There are a few factors to consider when designing the outline. Easy navigation is top of the list. Grouping similar pages together will make them more intuitive to find, as will simplicity and keeping the hierarchy shallow, without too many layers. A shallow hierarchy also helps the site’s profile in search engines, which don’t tend to dig very deeply.
Having planned the structure of the site, think about the structure of individual pages. Create wireframes, line drawings showing a page without content, but with all the parts of its layout on display. For example, is there a logo that will show up in the top right corner of every page? How large will the company brand header be? Where will the navigation bars sit, and the site search option? You don’t need to reinvent the wheel – some elements are common to most good websites, and you can get the basics down by looking at others’ work. Just remember not to worry about details of appearance at this point.
OK, now you get to think about appearance. This is the part that inexperienced designers will leap to – the colours, the shapes, the pictures, the flashing buttons that you want the customer to click. But without all the structure you’ve just put in place, this can lead to something messy, inconsistent or hard to navigate.
This is the time to decide on colours for everything from backgrounds to fonts to the lines around text boxes. It’s also the time to pick the fonts, as well as the pictures and logos appearing on each page. In short, it’s when you can unleash your creative side, making a design that’s the last word in elegance or fun or whatever style your client’s asked for.
That done, it’s down to the hard slog of creating all the pages in your hierarchy, applying that design to every page. This is the time for page authoring tools such as Dreamweaver, which help you turn your grand vision into a reality, over and again, for every page.
Most of this software uses a ‘what you see is what you get’ approach. As you drag, drop and draw on the page, you’re seeing exactly what the site will look like. This means that you don’t have to worry about, or even understand, the programming code working behind the page – the software will do that for you. This is about applying a design, not programming.
Finally comes a stage that it’s easy, and potentially disastrous, to skip – testing the site. Before unveiling it, check it all the way through. Look over every detail of every page. Click on all the buttons and links to be sure that they work. Carefully read the text and correct any spelling, grammar or punctuation errors. Little details like this can completely undermine the professional appeal of an otherwise perfect website.

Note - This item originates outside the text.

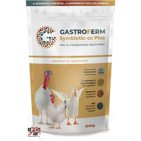 Gastroferm Symbiotic-cc Plus 1 kg- BaromfiknakPre- és probiotikumBaromfik számára kifejlesztett koncentrált pre- és probiotikum készítmény C-vitaminnal az emésztés és az immunrendszer támogatására. A Gastroferm Symbiotic-cc Plus hozzájárul a háziállatok (

By now, you’ll have been thinking about the site for so long that it may be hard to see the wood for the trees. So if you can, get other people to check over the site. Your clients have a vested interest in getting it right, and knowledge about the content, so if they can provide someone that’s perfect.
And at last, the launch
After all of that, your website is finally ready for launch. Upload the content, let people know it’s there, and get ready for their gasps of approval. Because you just made that happen.